Hadoop Serialization: Avro

2011-11-26 Thread Leonardo Urbina
Hey everyone,

First time posting to the list. I'm currently writing a hadoop job that
will run daily and whose output will be part of the part of the next day's
input. Also, the output will potentially be read by other programs for
later analysis.

Since my program's output is used as part of the next day's input, it would
be nice if it was stored in some binary format that is easy to read the
next time around. But this format also needs to be readable by other
outside programs, not necessarily written in Java. After searching for a
while it seems that Avro is what I want to be using.

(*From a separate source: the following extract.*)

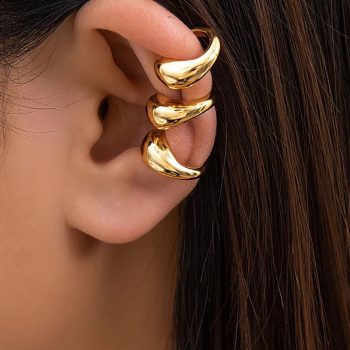 Fleepmart 1Pcs Punk Water Drop Half Empty Clip Earring Gothic C Shape Ear Cuff Stud Thick Earclips For Women Party Jewelry Gifts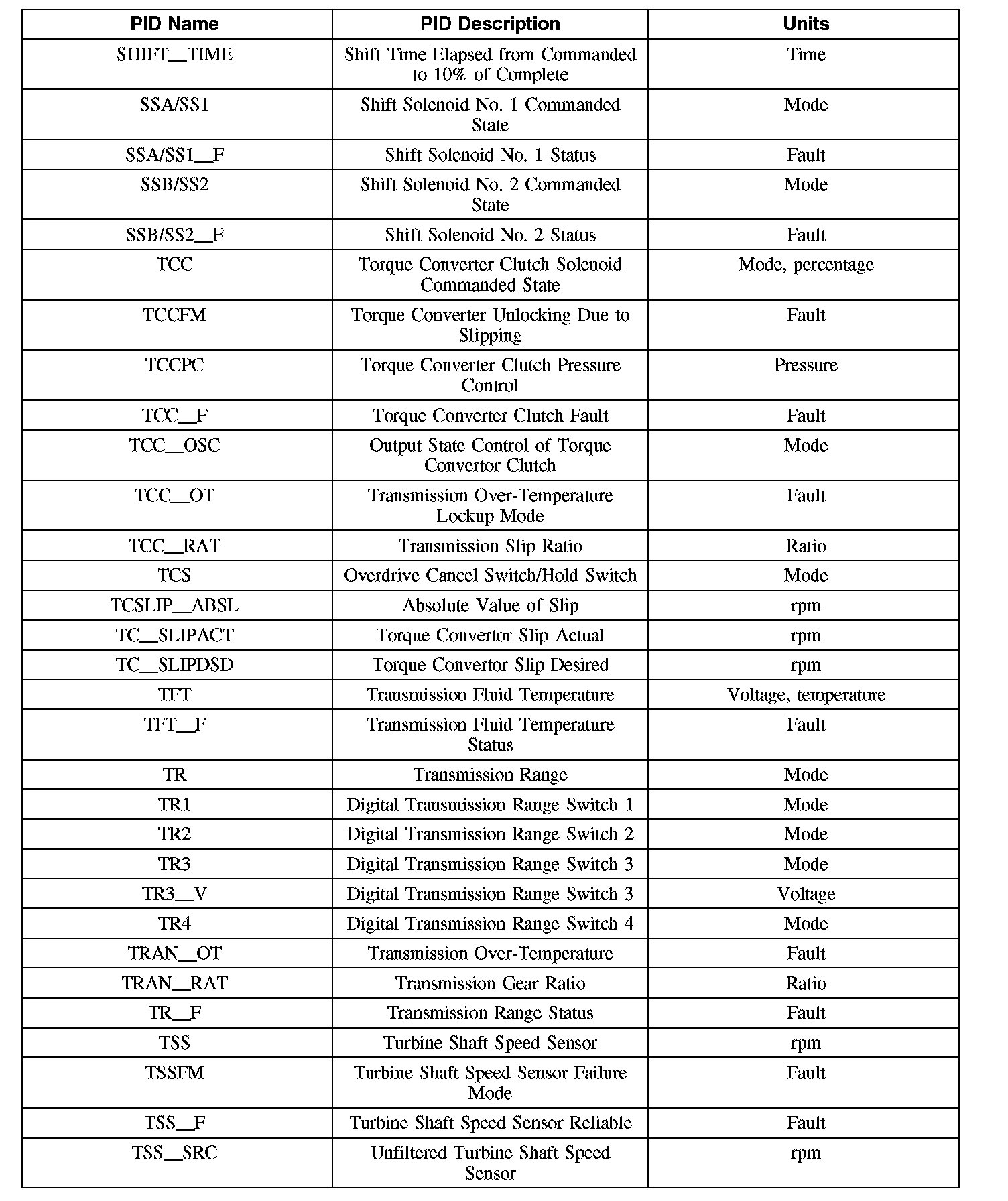 ^ TCC - Directs PCM to command the Torque Converter Solenoid from 0% duty cycle to 100% duty cycle

In any case, I have
been looking around for a while and I can't seem to find a single example
of how to use Avro within a Hadoop job.

It seems that in order to use Avro I need to change the io.serializations
value, however I don't know which value should be specified. Furthermore, I
found that there are classes Avro{Input,Output}Format but these use a
series of other Avro classes which, as far as I understand, seem need the
use of other Avro classes such as AvroWrapper, AvroKey, AvroValue, and as
far as I am concerned Avro* (with * replaced with pretty much any Hadoop
class name). It seems however that these are used so that the Avro format
is used throughout the Hadoop process to pass objects around.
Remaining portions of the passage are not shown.